> [Work task]
In the entries below, begin at the line that has "Праздничное имбирное пирожное" and stop after the line that has "Atypické keramické umývadlo"; output those lines exactly, leaving out pictures.

> [Records shown]
================
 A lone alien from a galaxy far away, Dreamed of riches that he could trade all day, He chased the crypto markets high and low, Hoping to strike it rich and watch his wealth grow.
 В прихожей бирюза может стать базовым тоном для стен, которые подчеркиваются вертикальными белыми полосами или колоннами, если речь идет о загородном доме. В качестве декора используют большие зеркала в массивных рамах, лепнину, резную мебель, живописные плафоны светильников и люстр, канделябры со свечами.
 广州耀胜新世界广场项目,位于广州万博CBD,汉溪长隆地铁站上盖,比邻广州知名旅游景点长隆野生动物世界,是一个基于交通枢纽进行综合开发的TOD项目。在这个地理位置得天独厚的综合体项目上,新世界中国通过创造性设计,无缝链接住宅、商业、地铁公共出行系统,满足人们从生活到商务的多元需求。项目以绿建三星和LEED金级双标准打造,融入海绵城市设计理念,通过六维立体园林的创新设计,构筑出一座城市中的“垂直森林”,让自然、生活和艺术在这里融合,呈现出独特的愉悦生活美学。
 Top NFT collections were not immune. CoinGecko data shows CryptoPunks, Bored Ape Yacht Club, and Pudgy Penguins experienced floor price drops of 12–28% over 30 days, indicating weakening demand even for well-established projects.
================
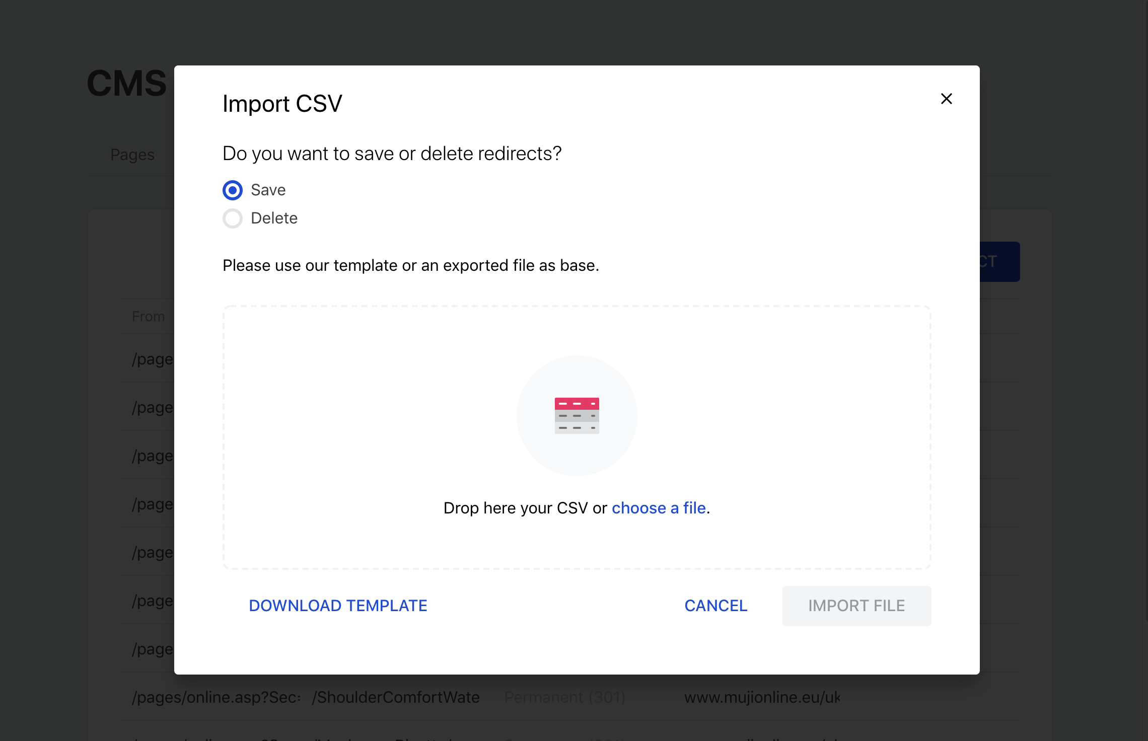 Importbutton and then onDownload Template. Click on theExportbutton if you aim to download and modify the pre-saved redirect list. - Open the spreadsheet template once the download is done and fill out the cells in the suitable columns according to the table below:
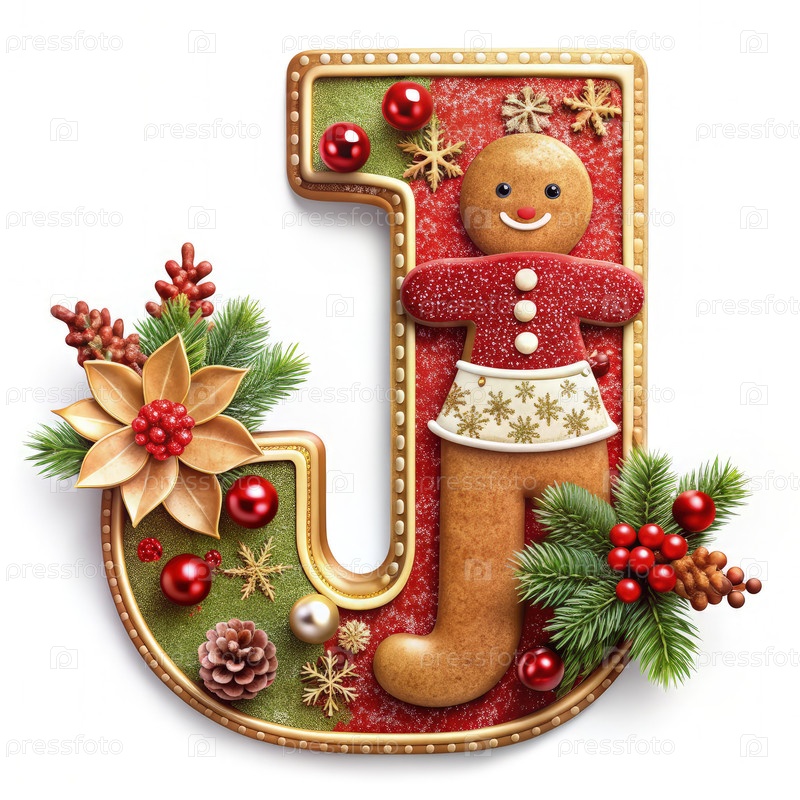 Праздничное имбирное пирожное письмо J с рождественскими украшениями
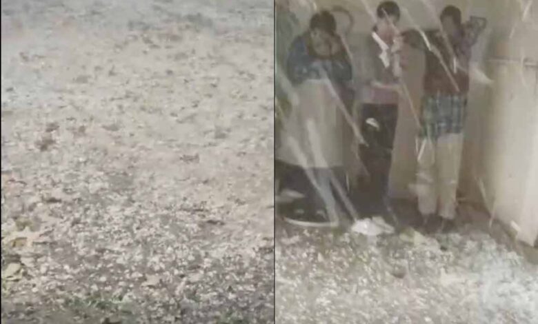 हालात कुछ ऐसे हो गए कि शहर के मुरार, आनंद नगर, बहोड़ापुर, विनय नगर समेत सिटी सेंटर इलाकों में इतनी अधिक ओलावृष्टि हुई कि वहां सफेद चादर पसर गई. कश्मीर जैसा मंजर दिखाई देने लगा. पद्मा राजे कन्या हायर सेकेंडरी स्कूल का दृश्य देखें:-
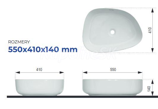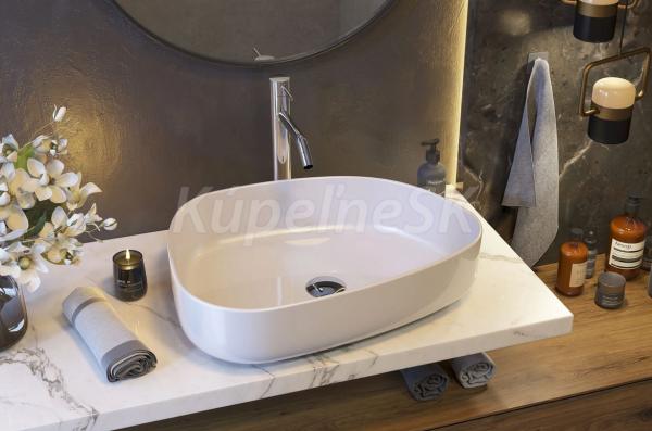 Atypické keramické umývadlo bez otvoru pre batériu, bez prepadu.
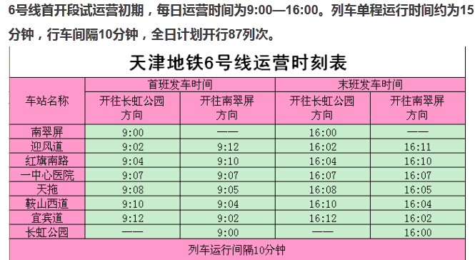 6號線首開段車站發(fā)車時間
================
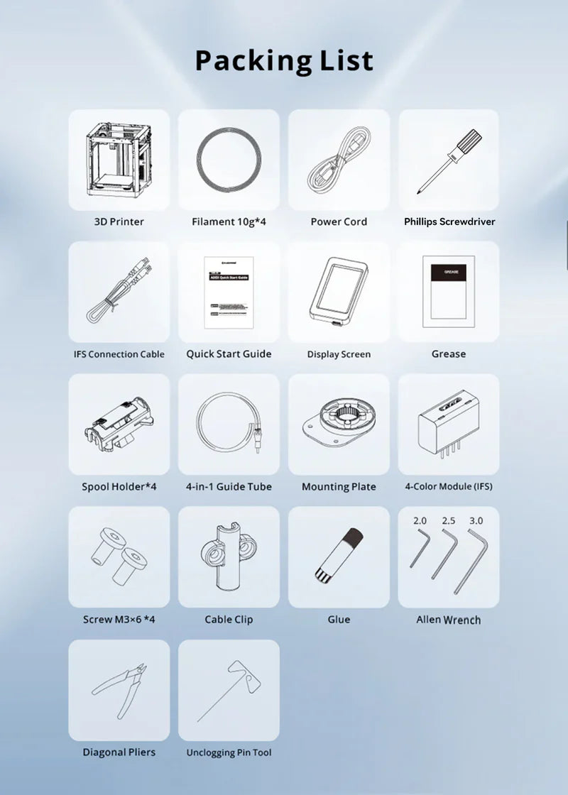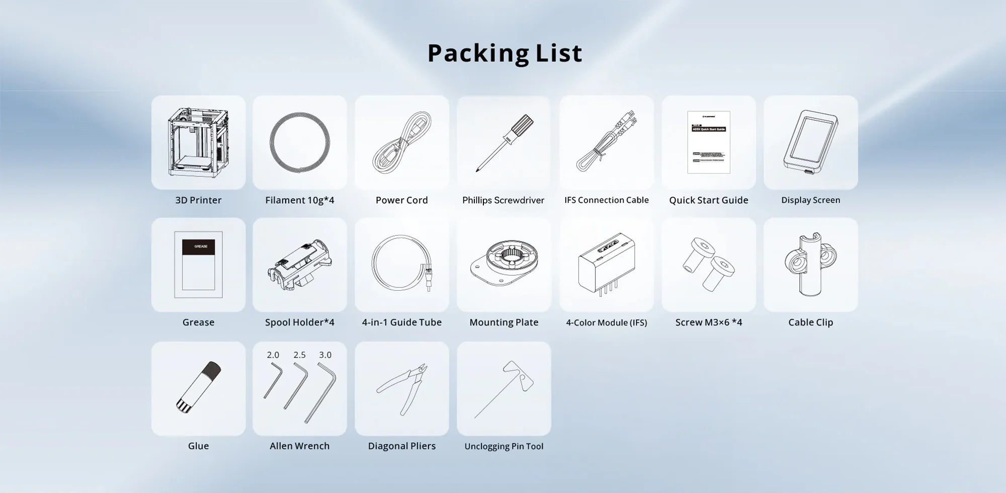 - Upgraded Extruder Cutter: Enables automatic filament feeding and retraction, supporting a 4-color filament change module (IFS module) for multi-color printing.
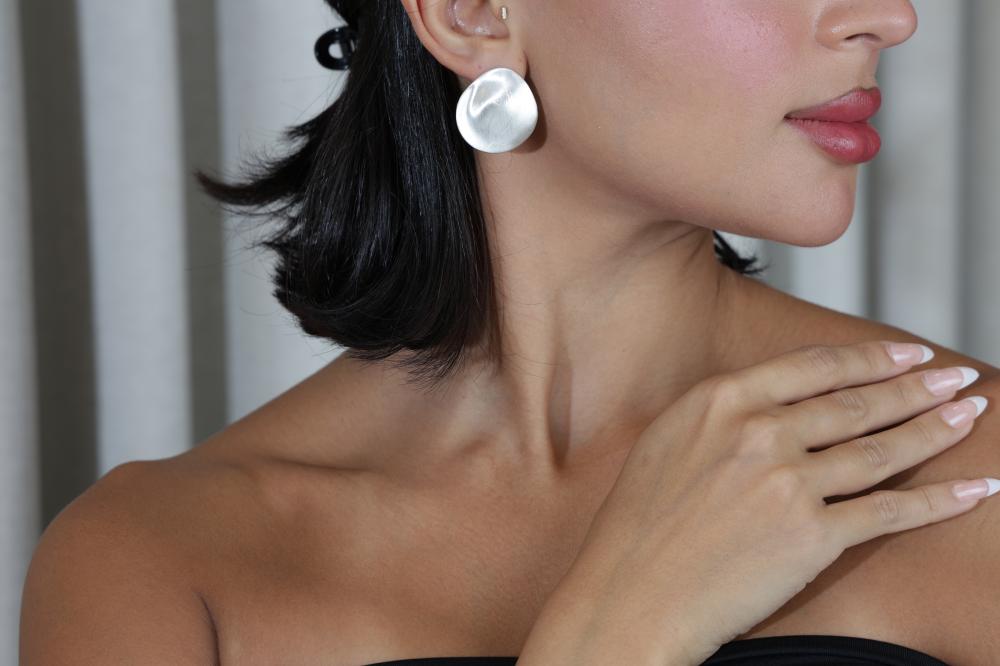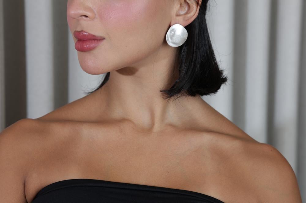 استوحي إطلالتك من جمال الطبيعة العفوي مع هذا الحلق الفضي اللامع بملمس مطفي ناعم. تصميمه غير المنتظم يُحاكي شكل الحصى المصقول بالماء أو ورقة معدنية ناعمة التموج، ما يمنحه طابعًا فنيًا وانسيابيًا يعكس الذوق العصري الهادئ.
================
> [Written response]
 Праздничное имбирное пирожное письмо J с рождественскими украшениями
 हालात कुछ ऐसे हो गए कि शहर के मुरार, आनंद नगर, बहोड़ापुर, विनय नगर समेत सिटी सेंटर इलाकों में इतनी अधिक ओलावृष्टि हुई कि वहां सफेद चादर पसर गई. कश्मीर जैसा मंजर दिखाई देने लगा. पद्मा राजे कन्या हायर सेकेंडरी स्कूल का दृश्य देखें:-
 Atypické keramické umývadlo bez otvoru pre batériu, bez prepadu.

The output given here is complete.